─── Supplied data ───

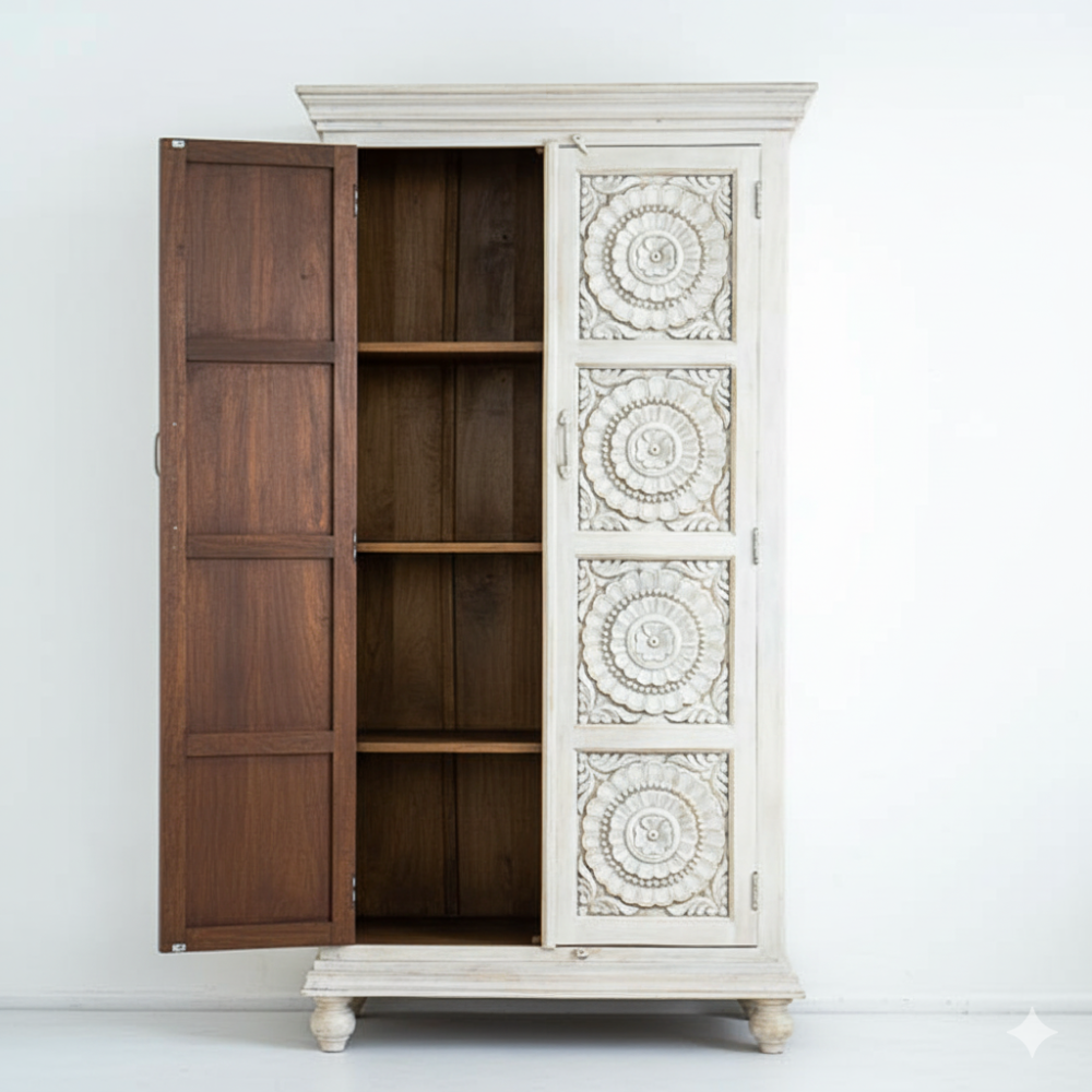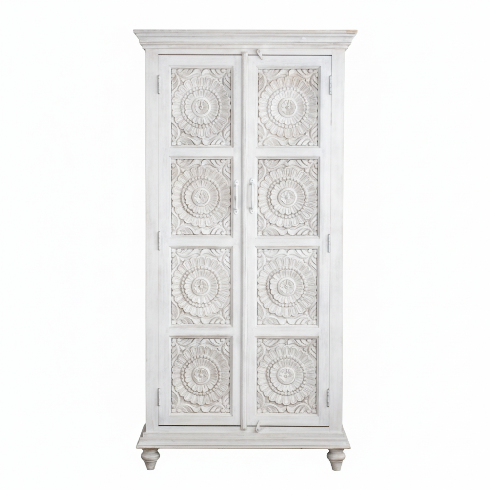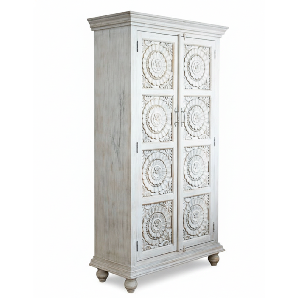 Bring timeless Indian craftsmanship into your home with this exquisite hand-carved tallboy cabinet by Viratra Art Decor. Expertly crafted from durable solid mango wood, this tall storage unit features intricately carved floral mandala patterns on each panel, symbolizing harmony and balance. The soft whitewashed finish highlights the delicate detailing, giving it a serene and elegant appeal perfect for both modern and traditional interiors.
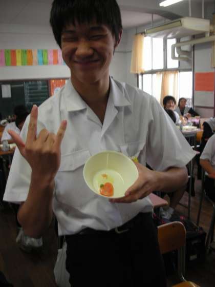 なんと、Sくんがラッキーニンジンを射止めました。思わず、喜びのポーズ。
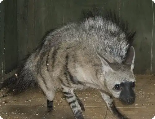 Это животное нередко путают с полосатой гиеной, так как внешне они схожи. Земляной волк (лат. Proteles cristatus) мельче настоящей гиены почти в 2 раза, причем существенной разницы между самцом и самкой нет. Длина тела составляет от 0,5 до 0,95 м, высота – до полуметра, длина хвоста 20-30 см.

───

Exclude the images and output the lines above exactly.

Answer section >>
 Bring timeless Indian craftsmanship into your home with this exquisite hand-carved tallboy cabinet by Viratra Art Decor. Expertly crafted from durable solid mango wood, this tall storage unit features intricately carved floral mandala patterns on each panel, symbolizing harmony and balance. The soft whitewashed finish highlights the delicate detailing, giving it a serene and elegant appeal perfect for both modern and traditional interiors.
 なんと、Sくんがラッキーニンジンを射止めました。思わず、喜びのポーズ。
 Это животное нередко путают с полосатой гиеной, так как внешне они схожи. Земляной волк (лат. Proteles cristatus) мельче настоящей гиены почти в 2 раза, причем существенной разницы между самцом и самкой нет. Длина тела составляет от 0,5 до 0,95 м, высота – до полуметра, длина хвоста 20-30 см.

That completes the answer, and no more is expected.